Saved data entries
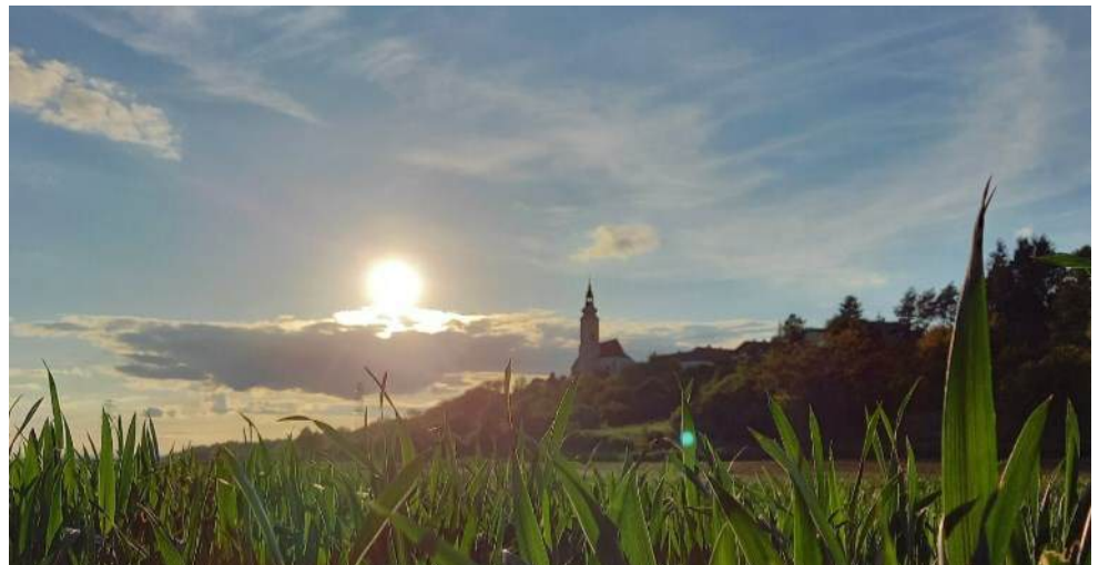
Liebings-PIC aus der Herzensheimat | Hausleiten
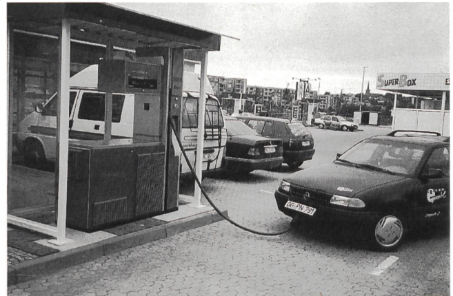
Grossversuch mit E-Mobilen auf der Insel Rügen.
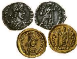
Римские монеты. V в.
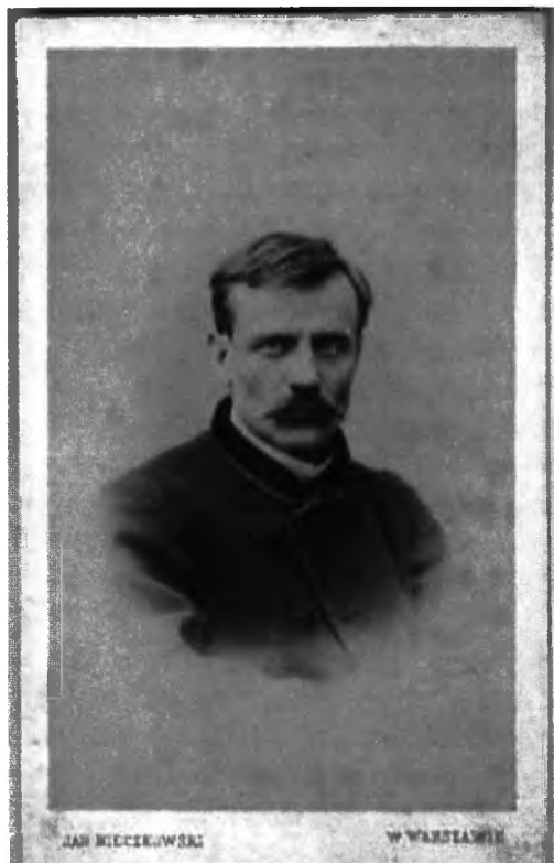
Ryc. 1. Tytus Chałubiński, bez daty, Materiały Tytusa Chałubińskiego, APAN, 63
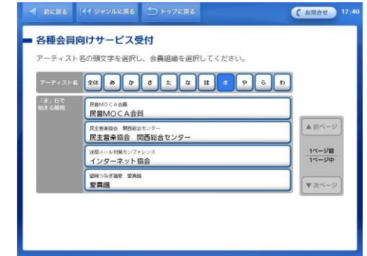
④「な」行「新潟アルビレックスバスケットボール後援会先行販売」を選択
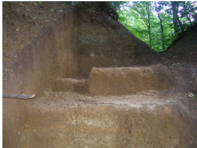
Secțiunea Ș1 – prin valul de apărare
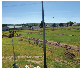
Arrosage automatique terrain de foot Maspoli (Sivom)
---
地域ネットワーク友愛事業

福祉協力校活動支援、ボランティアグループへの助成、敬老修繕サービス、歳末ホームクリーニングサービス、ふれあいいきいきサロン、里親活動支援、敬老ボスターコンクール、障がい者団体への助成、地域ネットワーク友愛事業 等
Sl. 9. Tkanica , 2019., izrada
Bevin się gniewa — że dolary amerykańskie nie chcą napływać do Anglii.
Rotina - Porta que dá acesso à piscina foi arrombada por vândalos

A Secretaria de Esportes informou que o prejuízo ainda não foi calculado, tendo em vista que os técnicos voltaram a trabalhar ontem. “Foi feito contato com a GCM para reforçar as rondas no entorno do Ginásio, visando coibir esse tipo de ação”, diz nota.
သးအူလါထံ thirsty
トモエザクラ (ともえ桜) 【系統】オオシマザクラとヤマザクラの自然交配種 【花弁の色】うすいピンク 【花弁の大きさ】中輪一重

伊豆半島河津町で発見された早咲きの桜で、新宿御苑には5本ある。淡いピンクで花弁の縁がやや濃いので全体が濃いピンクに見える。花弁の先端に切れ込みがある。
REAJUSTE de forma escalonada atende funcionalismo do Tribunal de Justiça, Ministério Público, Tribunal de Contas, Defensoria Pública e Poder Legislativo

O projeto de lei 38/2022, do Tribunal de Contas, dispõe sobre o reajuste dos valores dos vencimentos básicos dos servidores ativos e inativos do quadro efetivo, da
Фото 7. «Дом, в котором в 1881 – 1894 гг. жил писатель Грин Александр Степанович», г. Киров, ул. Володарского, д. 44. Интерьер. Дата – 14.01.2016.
* * *
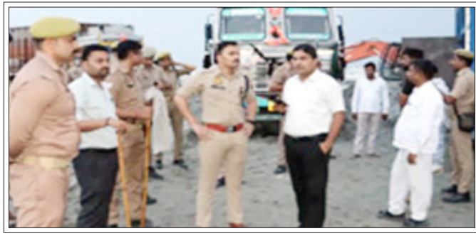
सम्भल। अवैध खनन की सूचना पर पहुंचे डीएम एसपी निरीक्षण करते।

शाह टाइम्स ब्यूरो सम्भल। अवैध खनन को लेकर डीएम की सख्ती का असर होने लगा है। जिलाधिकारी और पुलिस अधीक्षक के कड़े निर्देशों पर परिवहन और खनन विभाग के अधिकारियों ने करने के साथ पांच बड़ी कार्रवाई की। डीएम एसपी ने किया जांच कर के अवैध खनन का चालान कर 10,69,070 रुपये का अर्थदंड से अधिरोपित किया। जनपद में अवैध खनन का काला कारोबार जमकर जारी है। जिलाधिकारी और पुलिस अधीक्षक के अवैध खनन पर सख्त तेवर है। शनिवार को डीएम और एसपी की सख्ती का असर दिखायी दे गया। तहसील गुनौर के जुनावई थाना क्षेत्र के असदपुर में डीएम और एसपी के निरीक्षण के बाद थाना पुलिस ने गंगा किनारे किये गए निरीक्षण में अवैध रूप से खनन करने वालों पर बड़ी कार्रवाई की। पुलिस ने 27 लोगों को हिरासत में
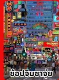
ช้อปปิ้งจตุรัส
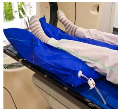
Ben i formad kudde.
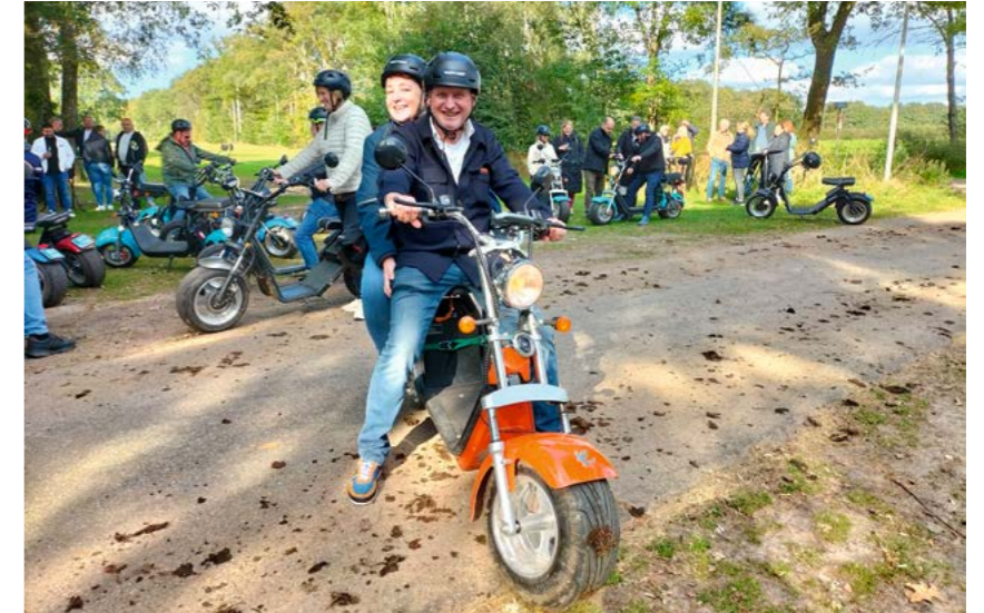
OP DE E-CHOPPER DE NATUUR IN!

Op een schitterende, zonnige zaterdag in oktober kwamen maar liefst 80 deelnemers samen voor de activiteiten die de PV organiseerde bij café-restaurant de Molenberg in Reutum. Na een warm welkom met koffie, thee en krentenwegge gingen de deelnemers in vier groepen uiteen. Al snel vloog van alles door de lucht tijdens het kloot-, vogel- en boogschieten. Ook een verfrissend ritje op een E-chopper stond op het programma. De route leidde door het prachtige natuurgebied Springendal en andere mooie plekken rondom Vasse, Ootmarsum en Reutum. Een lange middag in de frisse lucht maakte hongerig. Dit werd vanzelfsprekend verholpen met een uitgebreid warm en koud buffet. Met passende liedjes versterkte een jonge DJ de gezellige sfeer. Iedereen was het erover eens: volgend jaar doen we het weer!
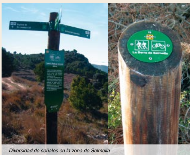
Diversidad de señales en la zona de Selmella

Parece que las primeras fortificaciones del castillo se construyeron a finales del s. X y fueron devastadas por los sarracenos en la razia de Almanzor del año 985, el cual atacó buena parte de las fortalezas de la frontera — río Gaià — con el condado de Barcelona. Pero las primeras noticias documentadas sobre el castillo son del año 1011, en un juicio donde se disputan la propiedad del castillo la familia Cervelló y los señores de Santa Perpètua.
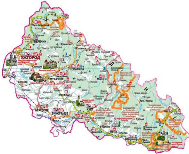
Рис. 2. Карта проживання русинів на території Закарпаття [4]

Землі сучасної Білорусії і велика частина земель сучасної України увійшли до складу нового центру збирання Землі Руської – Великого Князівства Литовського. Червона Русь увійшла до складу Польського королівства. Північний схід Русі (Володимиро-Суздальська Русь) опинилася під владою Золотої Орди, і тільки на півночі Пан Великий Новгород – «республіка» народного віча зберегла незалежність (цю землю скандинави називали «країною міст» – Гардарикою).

**Exercise:**
After locating the line containing "Liebings-PIC aus der" in the entries above, return it and every line after it exactly, ending at the line containing "④「な」行「新潟アルビレックスバスケットボール後援会先行販売」を選択", without pictures.

**Output for this task:**
Liebings-PIC aus der Herzensheimat | Hausleiten
Grossversuch mit E-Mobilen auf der Insel Rügen.
Римские монеты. V в.
Ryc. 1. Tytus Chałubiński, bez daty, Materiały Tytusa Chałubińskiego, APAN, 63
④「な」行「新潟アルビレックスバスケットボール後援会先行販売」を選択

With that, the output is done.